Hay una serie de temas universales tremendamente recurrentes en la construcción de un relato audiovisual: el maltrato a la mujer, el holocausto, la pobreza... o, últimamente, la esclavitud. Solo el año pasado vimos dos propuestas diferentes -Lincoln (Spielberg) y Django desencadenado (Tarantino)- sobre la esclavitud en Estados Unidos durante el Siglo XIX. Con 12 años de esclavitud, la última película de Steve McQueen -quien, por cierto, había recurrido anteriormente a algunos de estos “grandes temas” (Hunger y la huelga de hambre; Shame y la adicción al sexo)- se aborda esta cuestión desde el que, quizás, sea el otro punto de vista que buscaba su propia exposición.

En este sentido, el tratamiento que da McQueen a las historias, no tanto a través de modelos genéricos como de su personal concepción de las mismas, hacía inevitable que 12 años de esclavitud fuera la película que es, y articule un discurso arquetípico que entiende el drama que envuelve a las personas como un acceso a las emociones exento de demagogia sentimental, entendiendo las facilidades narrativas que proporciona el tema como una condición real de conexión con el espectador y no como un truco sensacionalista de empatía babosa y superficial.

Esto permite trascender el castigo físico (exterior) a planteamientos conceptuales que tienen que ver con los límites que un ser humano está dispuesto a soportar, con la decisión de sobrevivir, y si eso va directamente relacionado con la idea de “vivir” o no; y hasta qué punto somos capaces de renunciar a las cosas esperando vernos recompensados dentro de un sistema cerrado e inamovible.
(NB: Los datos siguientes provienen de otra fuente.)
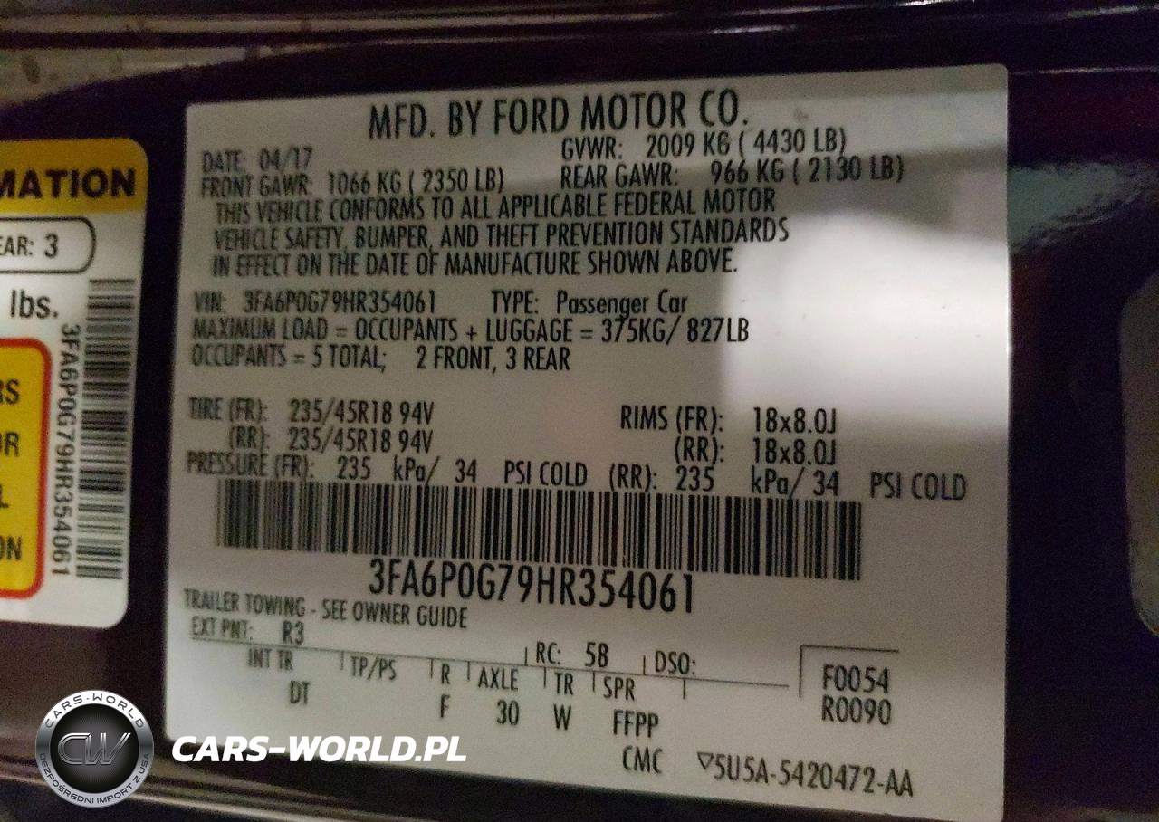 Copart Nr: C-79188885 VIN: 3FA6P0G79HR354061 Port: Indianapolis, IN
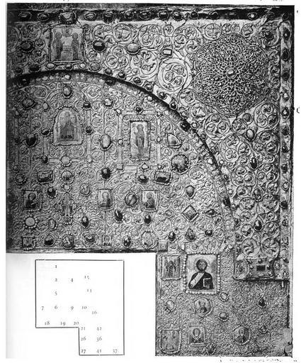| Keywords: Khakhuli icon (2).JPG Khakhuli icon Portion of the central panel thumb Explanation of the numbered images from the source in Russian Иван Иванович Толстой икодим Павлович Кондаков Русские д евности в памятниках искусства Выпуск 4 Х истианские д евности К ыма Кавказа и Киева С -Пете бу г Типог афия инисте ства путей сообщения А Бенке 1891 Published 1891 Author PD-RusEmpire Khakhuli triptych | ||||
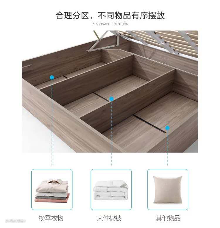 其次就是两个卧室了,主卧我选择了箱体的储物床搭配两个床边小柜子,颜色上我选择了百搭性强的胡桃木色。这款大容量的储物床堪比一个衣柜,而且合理分区,不同的物品可以做到有序摆放。床头我也选择了储物床头,可以用来放置一些小物件。考虑到房间的卫生,我选择了密封型落地床,避免了床底积灰,也方便自己的打扫。花2000多块钱买到这么一套家具,我个人还是觉得很满意的。
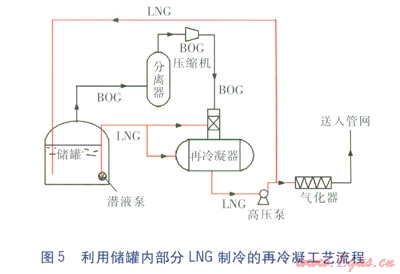 利用儲罐內(nèi)部分LNG制冷的再冷凝工藝流程見圖5。

Como la pequeña Patsey, que pese a haberse planteado el suicidio, juega sus cartas para tratar de mejorar una situación insoportable dentro del ecosistema que les han impuesto. Las motivaciones tienen que ver con la pura y absoluta esperanza de que en algún momento tendrás una oportunidad; siempre.
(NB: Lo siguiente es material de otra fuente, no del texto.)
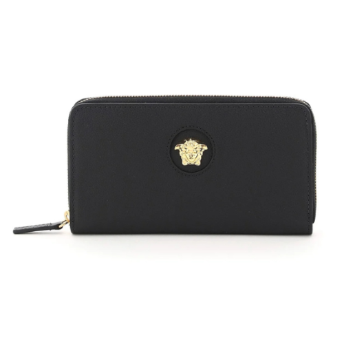 ארנק יוקרתי מבית Versace, בעיצוב אלגנטי ומאובזר בלוגו האייקוני של המותג. פונקציונלי ונוח לשימוש יומיומי, עם תא ראשי מרווח ורוכסן בטיחותי.
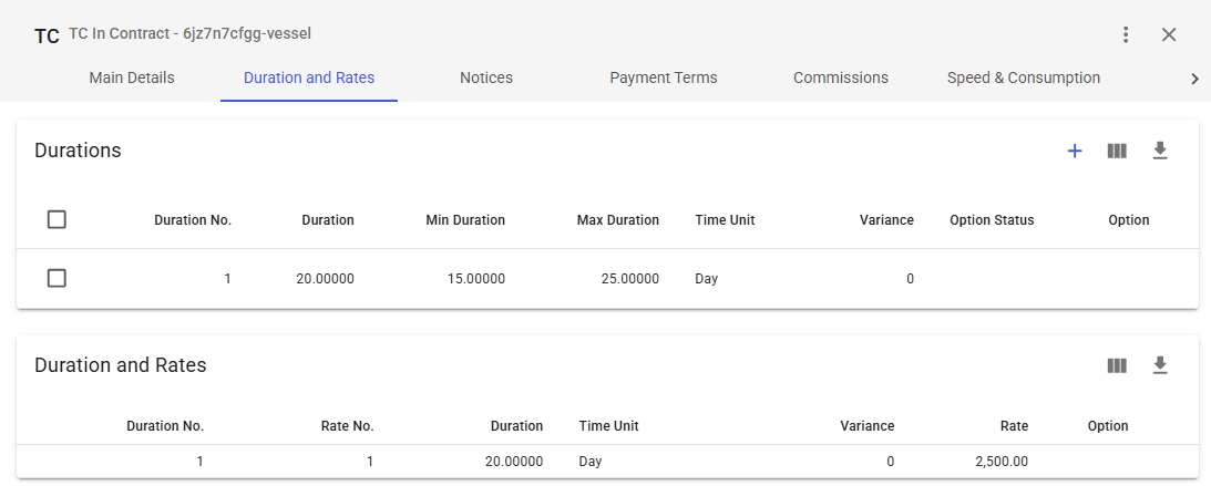 Duration and Rates, includes a list of the Rates along with the connected Duration on the Time Charter Contract.
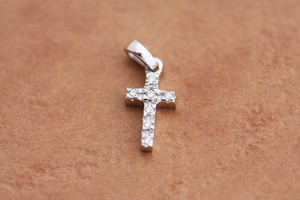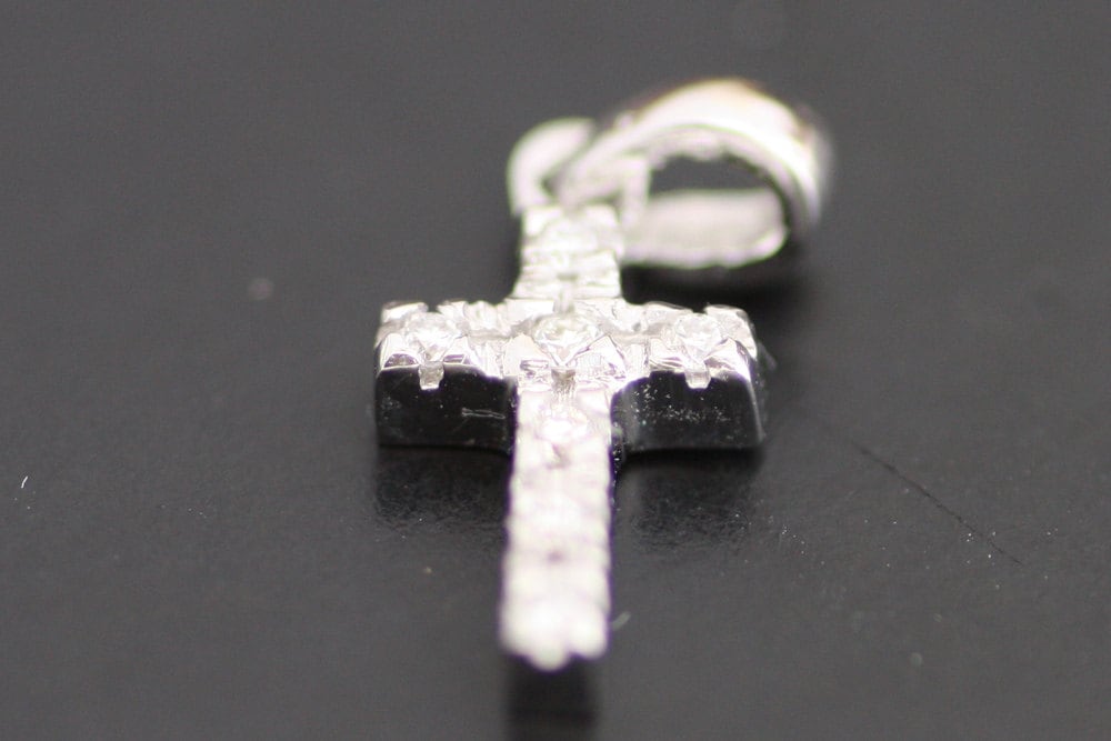 This elegant, small K18 white gold cross contains 7 round brilliant cut diamonds.The diamonds are VS1 clarity, F colour and 0,04ct weight.
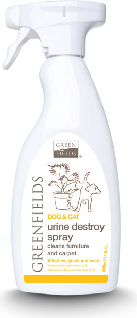 Urin Destroy Spray fra Greenfields hjælper med at fjerne urinlugt og pletter. Sprayen indeholder...
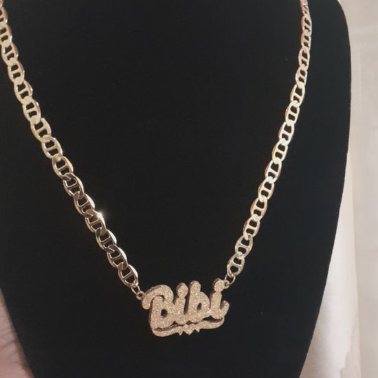 18k Gold-Plated Stainless Steel, frosted double layer heart,Customizable necklace.[MJ037]
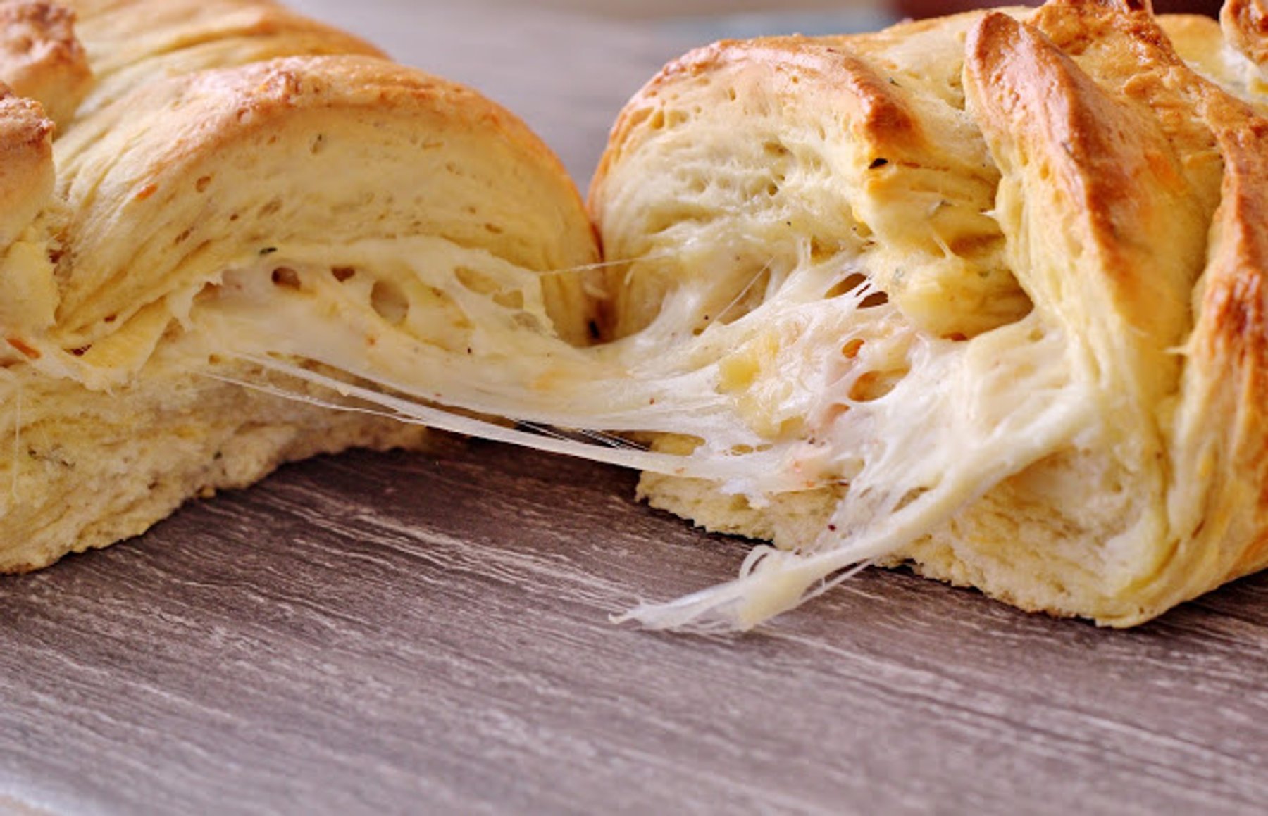 This rustic bread flavored with rosemary all wrapped around a dreamy, gooey cheese combination fills the house with a wonderful aroma and pairs well with soups and stews.

¿Cómo, si no, entender ese descenso moral de un ser que pierde toda su dignidad, que se niega a sí mismo de forma consciente, a pesar de la injusticia? No es (solo) por el miedo al castigo físico y a la muerte, que es el motor con el que las fuerzas tiránicas les someten (les “domestican”) y consiguen romper sus conexiones evitando la sublevación, sino por la esperanza, por esa “resistencia interna” de la que el propio McQueen ha hablado en varias entrevistas.
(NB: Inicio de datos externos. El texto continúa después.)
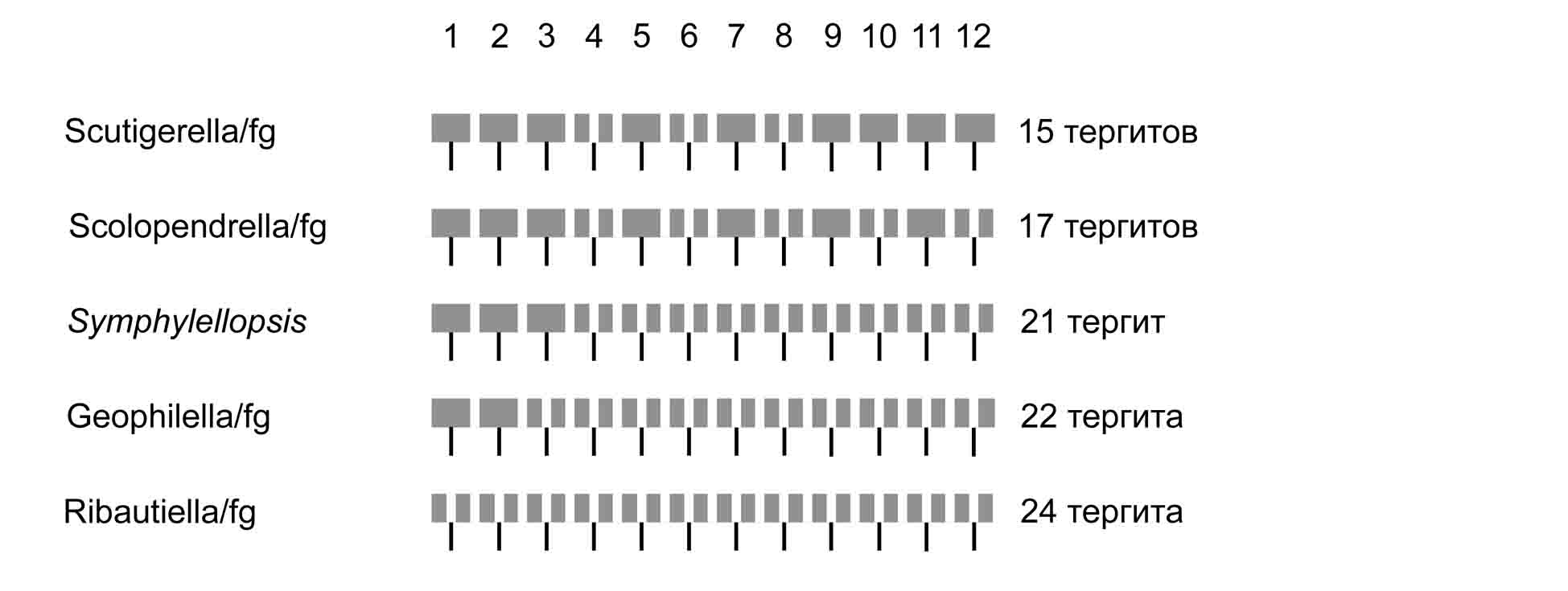 Рис. 5.2.3. Схема взаиморасположение тергитов туловища и пар ног у разных представителей Symphyla. Условные обозначения: ▓▓▓ или ▓ – тергит; │ – пара ног.
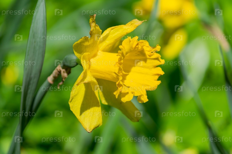 Нежные желтые цветущие цветы нарцисса в весеннем саду, цветочный фон
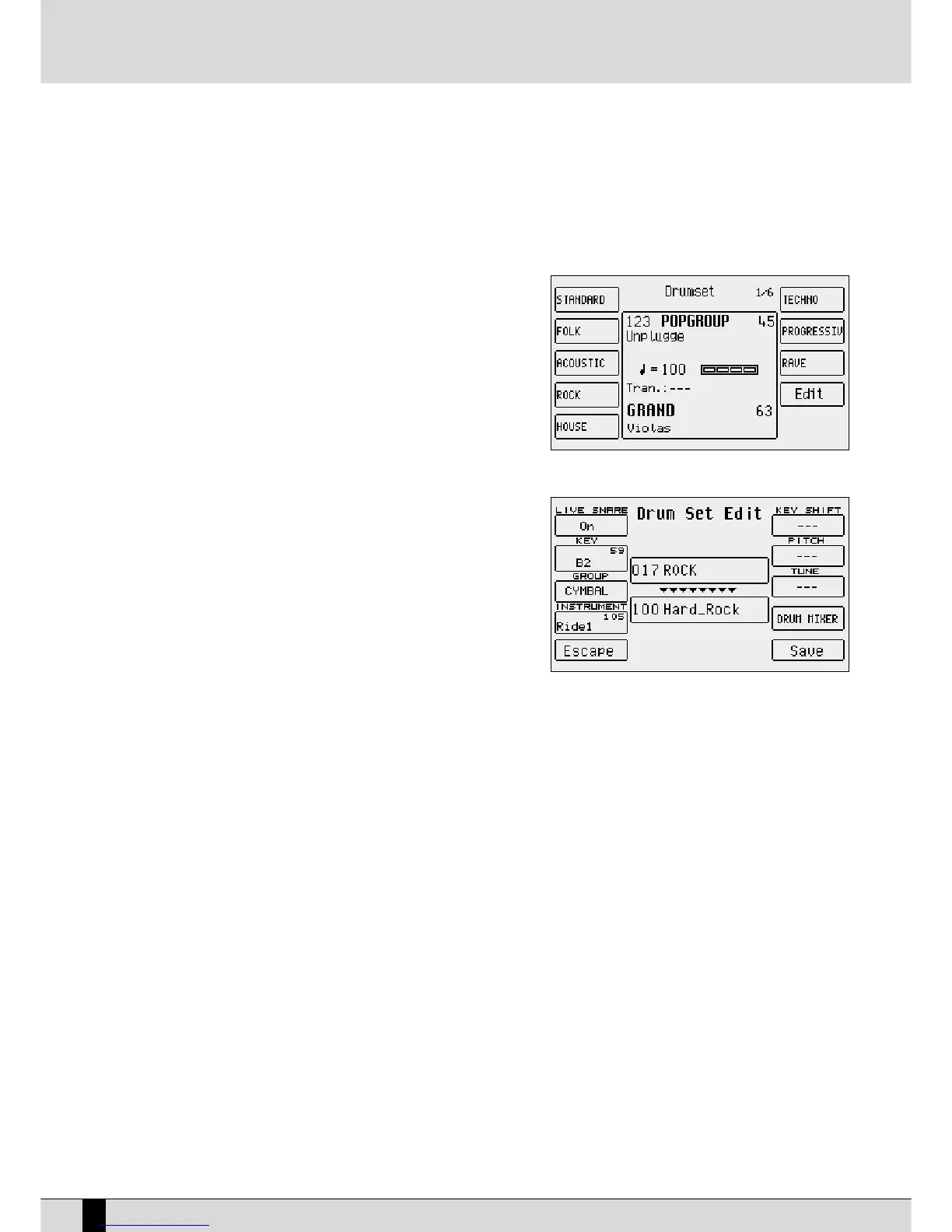F10 Save: Calls up the storage page, where to enter the name of the modified Drum Set using the keyboard keys and the

Así, pese a haber penetrado en los circuitos hollywoodenses y sonar fuerte (y muy fuerte) para los Oscar, existe una continuidad formal entre este trabajo, Shame y Hunger, si bien es cierto que se han moderado esos mecanismos. Pero no renuncia McQueen a los planos largos que obligan al espectador a mantener la angustia sin descanso (son muy numerosas este tipo de secuencias), y otros elementos como la banda sonora (y el uso del sonido, el encabalgamiento con otras secuencias) no 'melodramatiza' la historia en un sentido ventajista, ni mucho menos; además usa la estética para ser autoconsciente del propio discurso, cuando Solomon mira casi sin darte cuenta a cámara. Por otro lado, la configuración de unos personajes malvados con los que la película no intenta empatizar (lo cual no quita que tengan diversas dimensiones, alejándose de lo que sería una caricatura), posiciona al filme no en una postura reivindicativa -ya que se trataría de otra película- pero sí sin miedo a representar la esclavitud como una manifestación terrenal de la maldad: ya sabemos que la esclavitud fue terrible, así que no vamos a denunciarlo; pero tampoco vamos a obviarlo.